Determinism & Validation

  • Adapters must sort components and vulnerabilities deterministically (locale-invariant, stable keys).
  • All mapping rules and fixtures carry BLAKE3/SHA256 hashes; adapters are pure functions (no network).
  • Signature verification rejects unverifiable payloads; logs reason codes; can run offline using bundled trust roots.

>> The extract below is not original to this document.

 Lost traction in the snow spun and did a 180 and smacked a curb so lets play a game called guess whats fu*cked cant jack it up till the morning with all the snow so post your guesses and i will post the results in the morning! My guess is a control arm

Adapter mapping skeleton (CM1)

  • Tool coverage v0.1: Syft 1.0.x, Trivy 0.50.x, Clair 6.x (pin exact versions in fixtures).
  • Mapping tables (CSV, checked in under docs/modules/scanner/fixtures/competitor-adapters/):
    • component: external fields → name, version, purl, type, hashes, licenses, evidenceRef.
    • vulnerability: id, source, severity (normalised), cvss (score/vector), fixVersions, evidenceRef.
    • metadata: tool name/version/hash, scan timestamp (UTC), data source.
  • Sorting: components by purlnameversion; vulns by idsourceseverityScore desc → cvss.vector.

Verification policy (CM2)

  • Acceptable signatures: DSSE/COSE/JWS with SHA256/Ed25519/ECDSA; trust roots bundled in offline kit.
  • Provenance check: require signer identity + hash match; if missing, mark provenance = unknown and apply fallback (CM6).

Snapshot governance (CM3)

  • Freshness budget: max age 7 days from scanTimestamp; reject older unless override flag set (logged).
  • Versioning: stored as snapshot_version (semver) and source_tool_hash; rollback plan requires prior snapshot hash.

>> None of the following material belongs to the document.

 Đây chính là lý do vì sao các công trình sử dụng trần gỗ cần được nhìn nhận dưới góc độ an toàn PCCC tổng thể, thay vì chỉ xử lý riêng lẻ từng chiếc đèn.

Regression + fixtures (CM4/CM5)

  • Fixtures under docs/modules/scanner/fixtures/competitor-adapters/fixtures/ with golden hashes (BLAKE3/SHA256) and expected normalized output.
    • normalized-syft.json BLAKE3=aa42c167d19535709a10df73dc39e6a50b8efbbb0ae596d17183ce62676fa85a SHA256=3f8684ff341808dcb92e97dd2c10acca727baaff05182e81a4364bb3dad0eaa7
    • normalized-trivy.json BLAKE3=0da216b49ebcf823d8d4aa3c9c1d2a1dcc579d836ba66bb2ae94dd781e214130 SHA256=c29aa6251d378c2aca1c3c6165e61bd2e16b6fa1227c976417b8a525ad7c1fc1
    • normalized-clair.json BLAKE3=92985f4cbdeecc8a0e585a70e07f17b07abdd866eecacaca9ba1b331f4b3af68 SHA256=bc232cc19885c53e4d801f5c830e3683a4031e42f6421739c4cc221f33f15e01
  • CI step runs adapter → normalized → hash compare; offline, no network. Hashes act as guardrails for deterministic ordering and mapping stability.

Fallback hierarchy (CM6)

  1. Signed SBOM w/ valid provenance → accepted.
  2. Unsigned SBOM → accepted with provenance=unknown, warnings emitted.
  3. Scan-only results → accepted with degraded confidence; policy lattice may penalize.
  4. If all absent: reject with reason code no_evidence.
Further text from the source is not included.